» STORED DATA
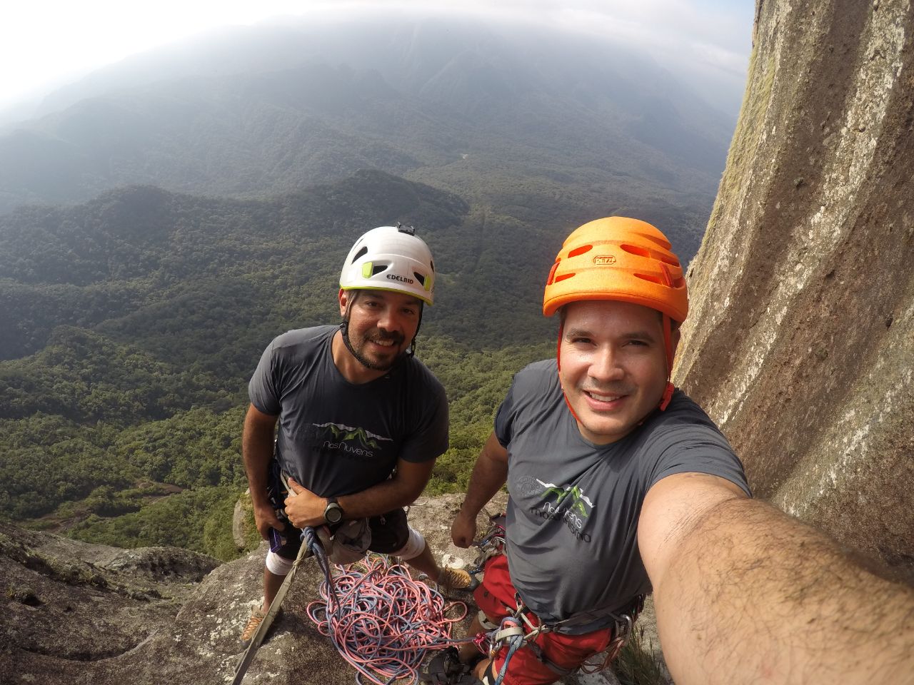 Após 09 horas de escalada e vara mato repetimos a Diretíssima do Abrolhos, escalada intensa com o verdadeiro DNA Marumbino. Escalar leve, rápido e de forma integrada são imprescindíveis.
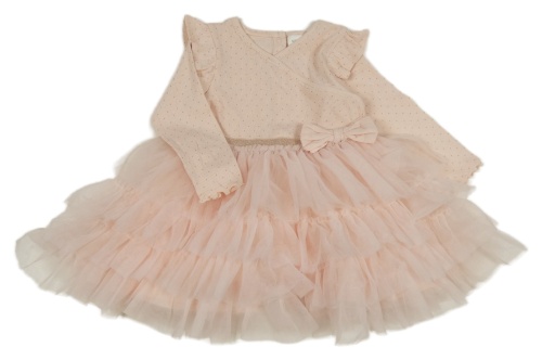 Svetloružové bavlněno/tylové šaty s bodkami a volánikmi Next
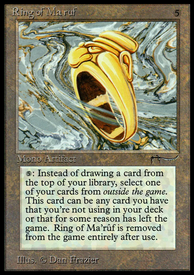 | Oracle Text | {{5}}, {{t}}, Exile Ring of Ma'rûf: The next time you would draw a card this turn, instead choose a card you own from outside the game and put it into your hand. | ||
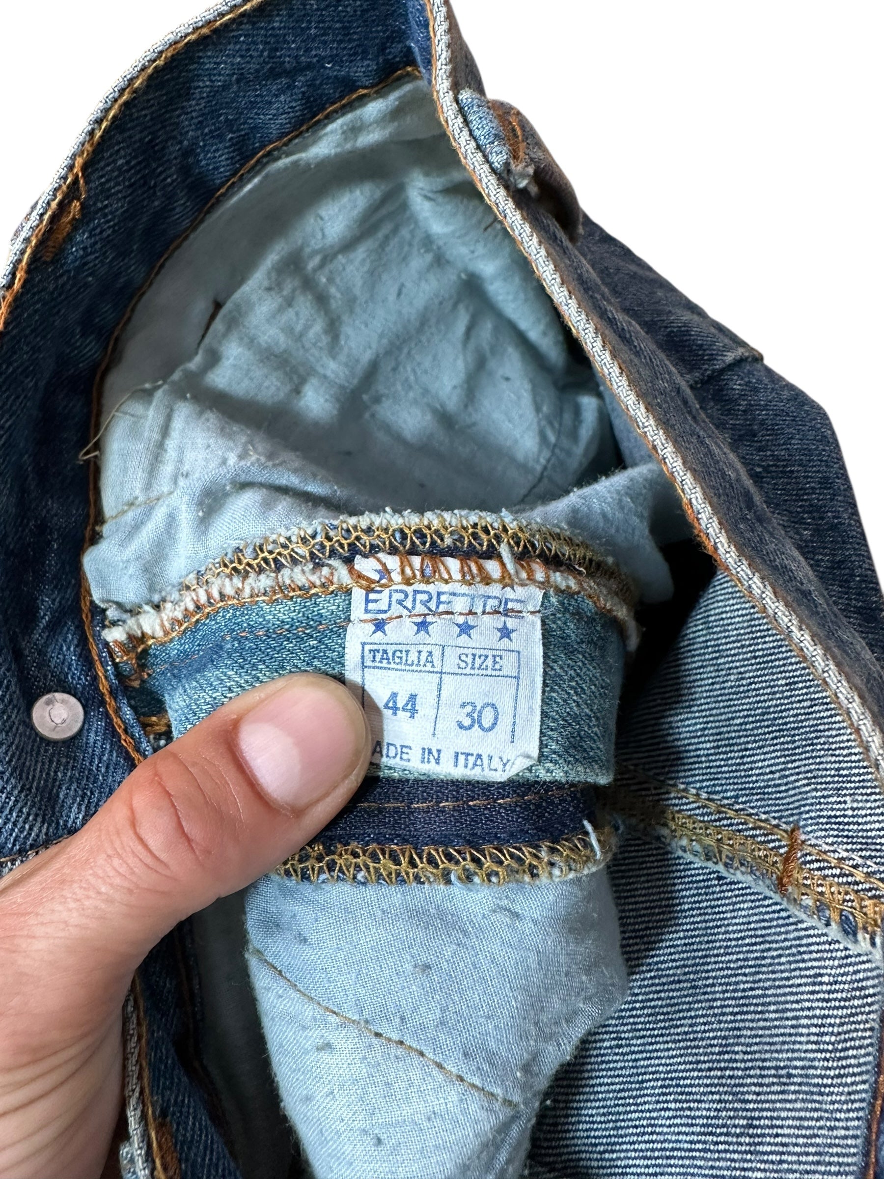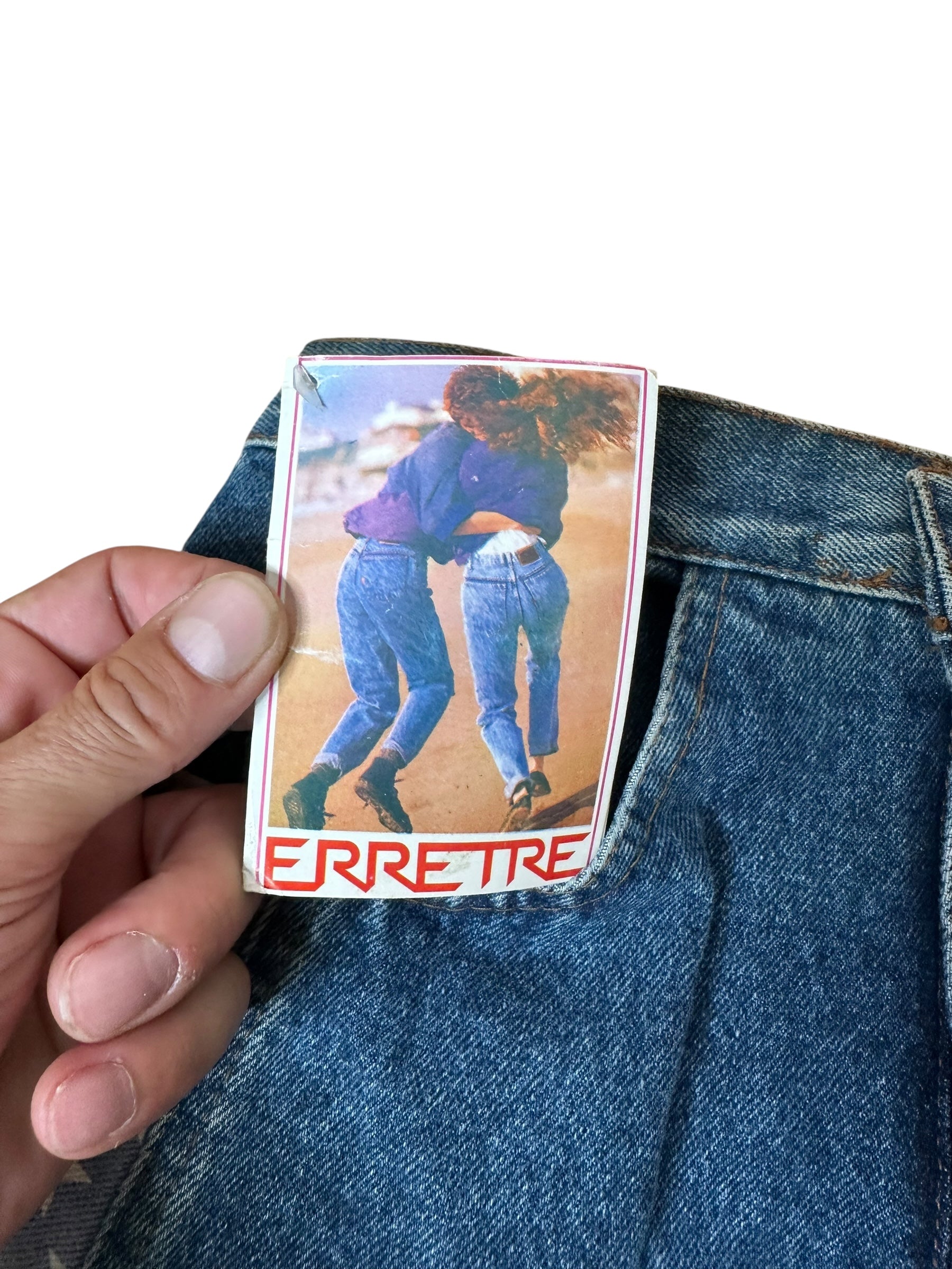 Iconico pezzo d’archivio anni ’90 prodotto da Erretre by Oliva, realizzato in Italia in 100% cotone. Questa minigonna a tubino in denim blu presenta sui fianchi inserti in tessuto stampato con la bandiera americana (stelle e strisce) e tasche anteriori integrate. Linea dritta con piccolo spacco posteriore e chiusura con zip laterale invisibile.

» EXERCISE
Leaving the pictures out, output all of the listing exactly.

» WRITTEN RESPONSE
 Após 09 horas de escalada e vara mato repetimos a Diretíssima do Abrolhos, escalada intensa com o verdadeiro DNA Marumbino. Escalar leve, rápido e de forma integrada são imprescindíveis.
 Svetloružové bavlněno/tylové šaty s bodkami a volánikmi Next
 | Oracle Text | {{5}}, {{t}}, Exile Ring of Ma'rûf: The next time you would draw a card this turn, instead choose a card you own from outside the game and put it into your hand. | ||
 Iconico pezzo d’archivio anni ’90 prodotto da Erretre by Oliva, realizzato in Italia in 100% cotone. Questa minigonna a tubino in denim blu presenta sui fianchi inserti in tessuto stampato con la bandiera americana (stelle e strisce) e tasche anteriori integrate. Linea dritta con piccolo spacco posteriore e chiusura con zip laterale invisibile.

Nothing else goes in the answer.